** EXERCISE DETAILS **
The listing is to be returned word for word, without its images.

** DATA PROVIDED **
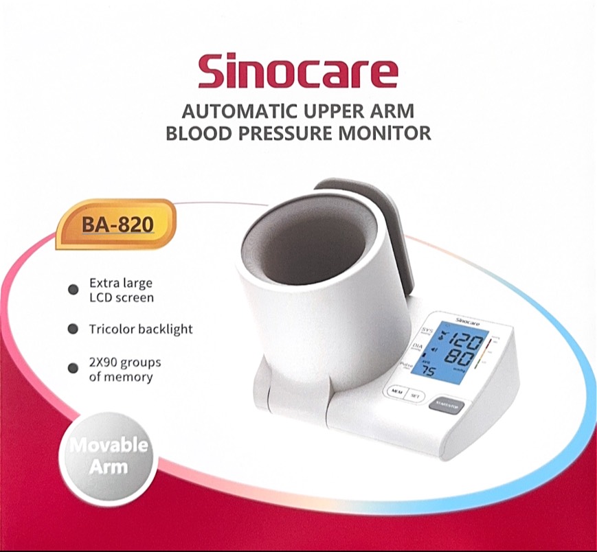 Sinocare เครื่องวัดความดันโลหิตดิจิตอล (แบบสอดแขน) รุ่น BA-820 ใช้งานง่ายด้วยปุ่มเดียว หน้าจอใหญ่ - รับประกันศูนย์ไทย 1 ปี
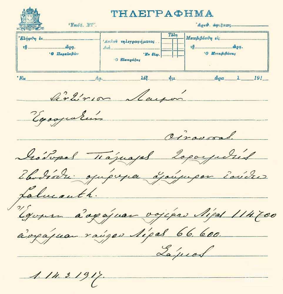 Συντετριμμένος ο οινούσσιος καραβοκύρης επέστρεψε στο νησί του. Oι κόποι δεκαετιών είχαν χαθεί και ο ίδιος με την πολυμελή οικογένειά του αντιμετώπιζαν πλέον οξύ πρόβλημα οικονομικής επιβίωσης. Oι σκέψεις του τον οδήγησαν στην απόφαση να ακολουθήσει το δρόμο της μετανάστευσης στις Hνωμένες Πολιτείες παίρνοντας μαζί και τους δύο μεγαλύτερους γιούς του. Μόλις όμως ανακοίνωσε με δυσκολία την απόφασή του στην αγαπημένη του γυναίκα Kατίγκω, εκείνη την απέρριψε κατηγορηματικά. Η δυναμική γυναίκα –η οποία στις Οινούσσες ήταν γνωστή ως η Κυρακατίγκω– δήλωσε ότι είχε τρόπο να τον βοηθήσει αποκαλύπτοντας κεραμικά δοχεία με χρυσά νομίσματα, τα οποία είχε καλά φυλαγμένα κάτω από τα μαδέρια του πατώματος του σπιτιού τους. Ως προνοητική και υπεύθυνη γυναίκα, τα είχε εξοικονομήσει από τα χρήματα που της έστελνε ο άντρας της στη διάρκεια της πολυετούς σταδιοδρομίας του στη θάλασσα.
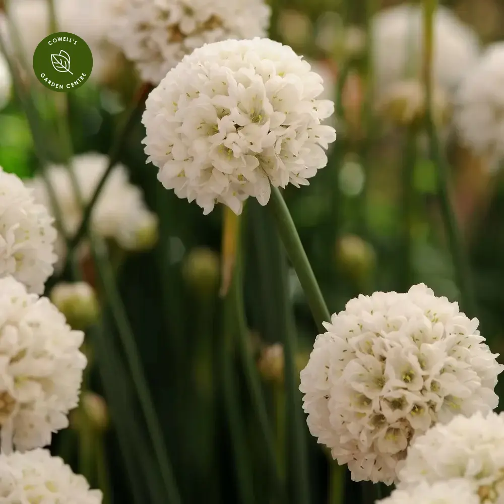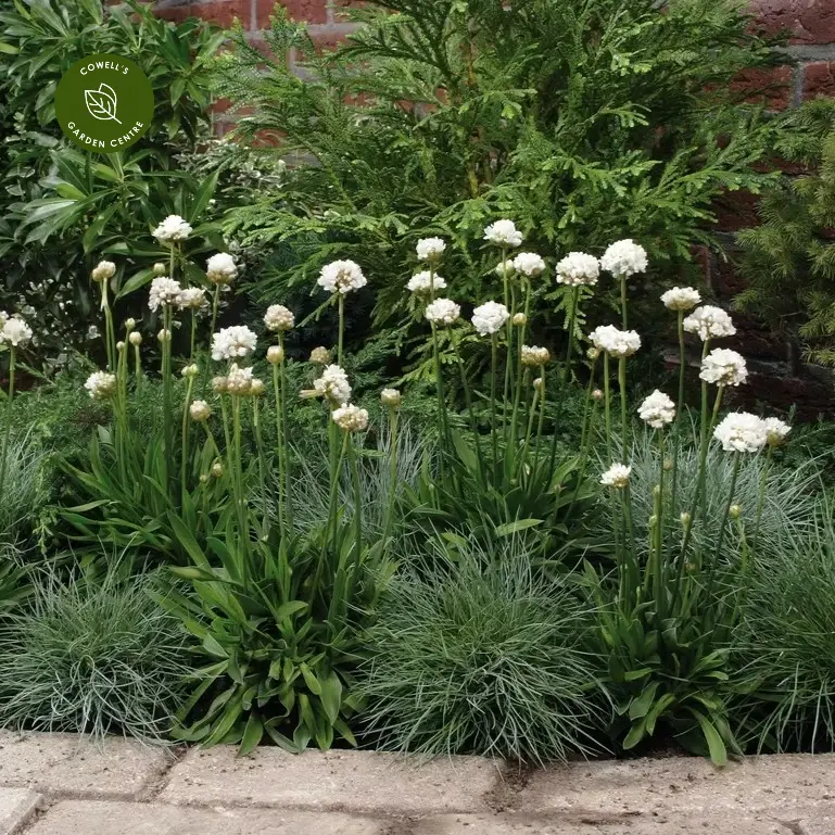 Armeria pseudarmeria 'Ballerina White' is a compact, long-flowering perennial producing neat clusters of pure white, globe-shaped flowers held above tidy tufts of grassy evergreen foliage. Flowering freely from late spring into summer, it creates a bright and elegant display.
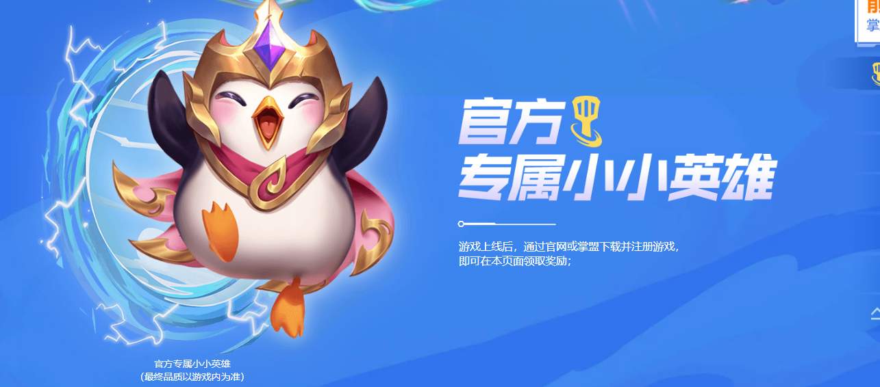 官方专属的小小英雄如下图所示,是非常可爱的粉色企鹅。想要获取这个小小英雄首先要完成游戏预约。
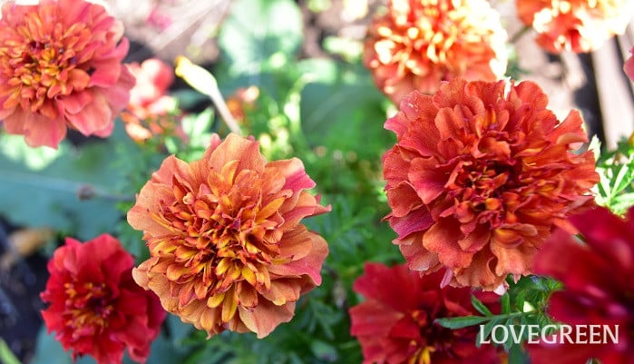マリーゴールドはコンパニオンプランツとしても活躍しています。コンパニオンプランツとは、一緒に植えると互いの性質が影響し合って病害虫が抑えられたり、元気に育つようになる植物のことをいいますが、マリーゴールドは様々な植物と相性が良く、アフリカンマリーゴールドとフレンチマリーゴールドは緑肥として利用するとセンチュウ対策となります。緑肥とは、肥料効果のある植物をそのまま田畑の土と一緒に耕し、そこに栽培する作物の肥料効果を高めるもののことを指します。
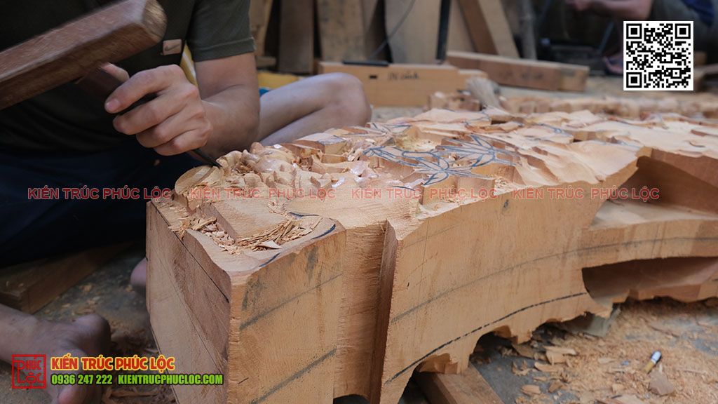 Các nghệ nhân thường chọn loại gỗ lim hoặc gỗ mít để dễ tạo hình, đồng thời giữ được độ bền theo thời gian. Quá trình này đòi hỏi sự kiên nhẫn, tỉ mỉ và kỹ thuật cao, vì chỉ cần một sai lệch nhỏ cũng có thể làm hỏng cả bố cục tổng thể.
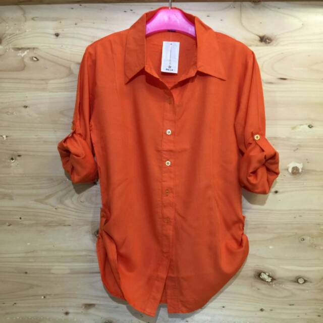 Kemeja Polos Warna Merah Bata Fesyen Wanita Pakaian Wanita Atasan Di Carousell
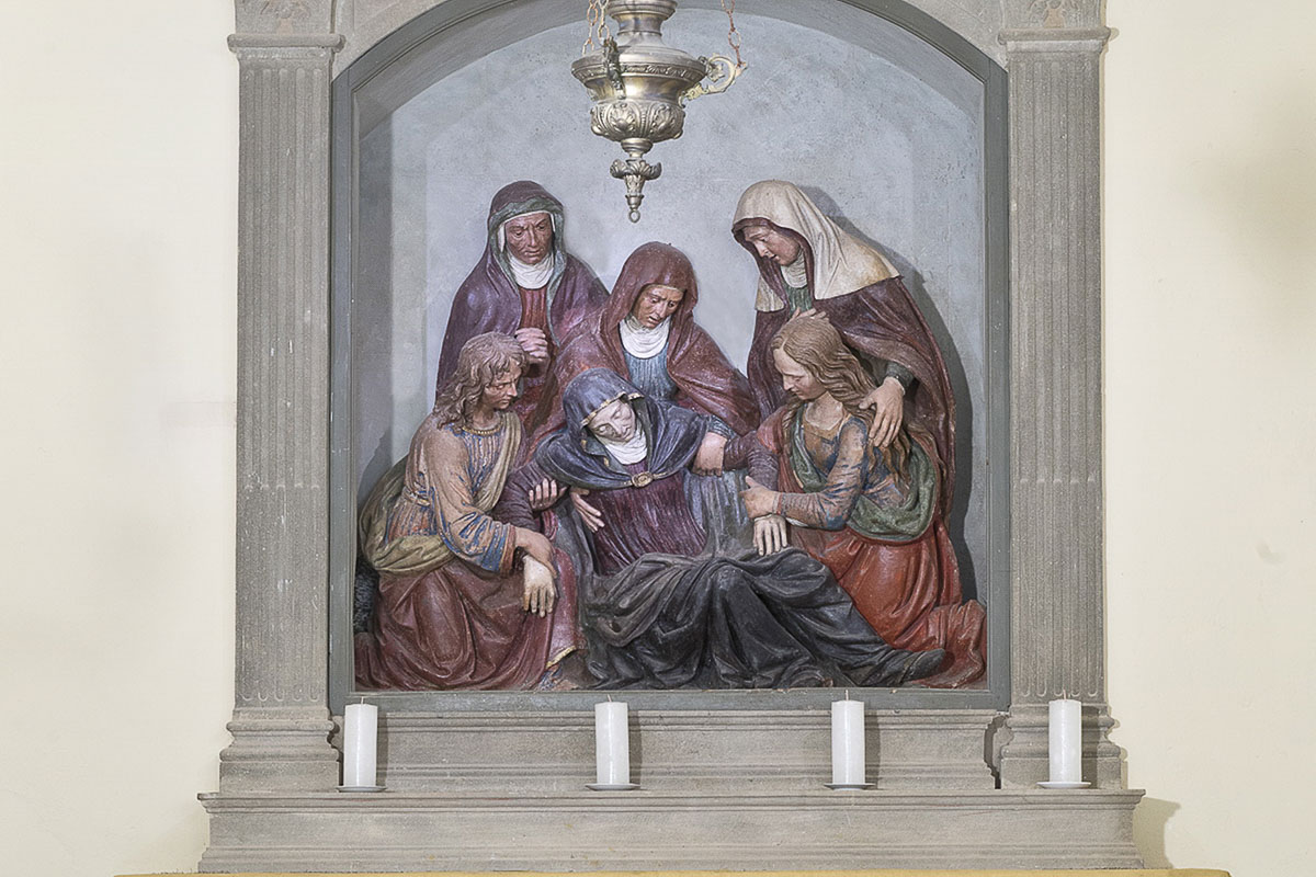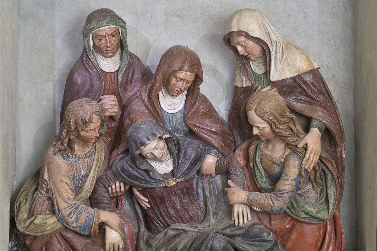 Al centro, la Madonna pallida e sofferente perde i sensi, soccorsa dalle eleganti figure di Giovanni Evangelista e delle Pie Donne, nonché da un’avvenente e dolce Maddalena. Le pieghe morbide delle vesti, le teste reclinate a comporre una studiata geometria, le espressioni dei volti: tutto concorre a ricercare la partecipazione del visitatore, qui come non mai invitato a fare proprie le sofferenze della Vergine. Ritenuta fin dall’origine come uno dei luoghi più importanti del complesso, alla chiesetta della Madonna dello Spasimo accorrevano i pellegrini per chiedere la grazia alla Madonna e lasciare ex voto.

** THE COMPLETED TASK **
 Sinocare เครื่องวัดความดันโลหิตดิจิตอล (แบบสอดแขน) รุ่น BA-820 ใช้งานง่ายด้วยปุ่มเดียว หน้าจอใหญ่ - รับประกันศูนย์ไทย 1 ปี
 Συντετριμμένος ο οινούσσιος καραβοκύρης επέστρεψε στο νησί του. Oι κόποι δεκαετιών είχαν χαθεί και ο ίδιος με την πολυμελή οικογένειά του αντιμετώπιζαν πλέον οξύ πρόβλημα οικονομικής επιβίωσης. Oι σκέψεις του τον οδήγησαν στην απόφαση να ακολουθήσει το δρόμο της μετανάστευσης στις Hνωμένες Πολιτείες παίρνοντας μαζί και τους δύο μεγαλύτερους γιούς του. Μόλις όμως ανακοίνωσε με δυσκολία την απόφασή του στην αγαπημένη του γυναίκα Kατίγκω, εκείνη την απέρριψε κατηγορηματικά. Η δυναμική γυναίκα –η οποία στις Οινούσσες ήταν γνωστή ως η Κυρακατίγκω– δήλωσε ότι είχε τρόπο να τον βοηθήσει αποκαλύπτοντας κεραμικά δοχεία με χρυσά νομίσματα, τα οποία είχε καλά φυλαγμένα κάτω από τα μαδέρια του πατώματος του σπιτιού τους. Ως προνοητική και υπεύθυνη γυναίκα, τα είχε εξοικονομήσει από τα χρήματα που της έστελνε ο άντρας της στη διάρκεια της πολυετούς σταδιοδρομίας του στη θάλασσα.
 Armeria pseudarmeria 'Ballerina White' is a compact, long-flowering perennial producing neat clusters of pure white, globe-shaped flowers held above tidy tufts of grassy evergreen foliage. Flowering freely from late spring into summer, it creates a bright and elegant display.
 官方专属的小小英雄如下图所示,是非常可爱的粉色企鹅。想要获取这个小小英雄首先要完成游戏预约。
マリーゴールドはコンパニオンプランツとしても活躍しています。コンパニオンプランツとは、一緒に植えると互いの性質が影響し合って病害虫が抑えられたり、元気に育つようになる植物のことをいいますが、マリーゴールドは様々な植物と相性が良く、アフリカンマリーゴールドとフレンチマリーゴールドは緑肥として利用するとセンチュウ対策となります。緑肥とは、肥料効果のある植物をそのまま田畑の土と一緒に耕し、そこに栽培する作物の肥料効果を高めるもののことを指します。
 Các nghệ nhân thường chọn loại gỗ lim hoặc gỗ mít để dễ tạo hình, đồng thời giữ được độ bền theo thời gian. Quá trình này đòi hỏi sự kiên nhẫn, tỉ mỉ và kỹ thuật cao, vì chỉ cần một sai lệch nhỏ cũng có thể làm hỏng cả bố cục tổng thể.
 Kemeja Polos Warna Merah Bata Fesyen Wanita Pakaian Wanita Atasan Di Carousell
 Al centro, la Madonna pallida e sofferente perde i sensi, soccorsa dalle eleganti figure di Giovanni Evangelista e delle Pie Donne, nonché da un’avvenente e dolce Maddalena. Le pieghe morbide delle vesti, le teste reclinate a comporre una studiata geometria, le espressioni dei volti: tutto concorre a ricercare la partecipazione del visitatore, qui come non mai invitato a fare proprie le sofferenze della Vergine. Ritenuta fin dall’origine come uno dei luoghi più importanti del complesso, alla chiesetta della Madonna dello Spasimo accorrevano i pellegrini per chiedere la grazia alla Madonna e lasciare ex voto.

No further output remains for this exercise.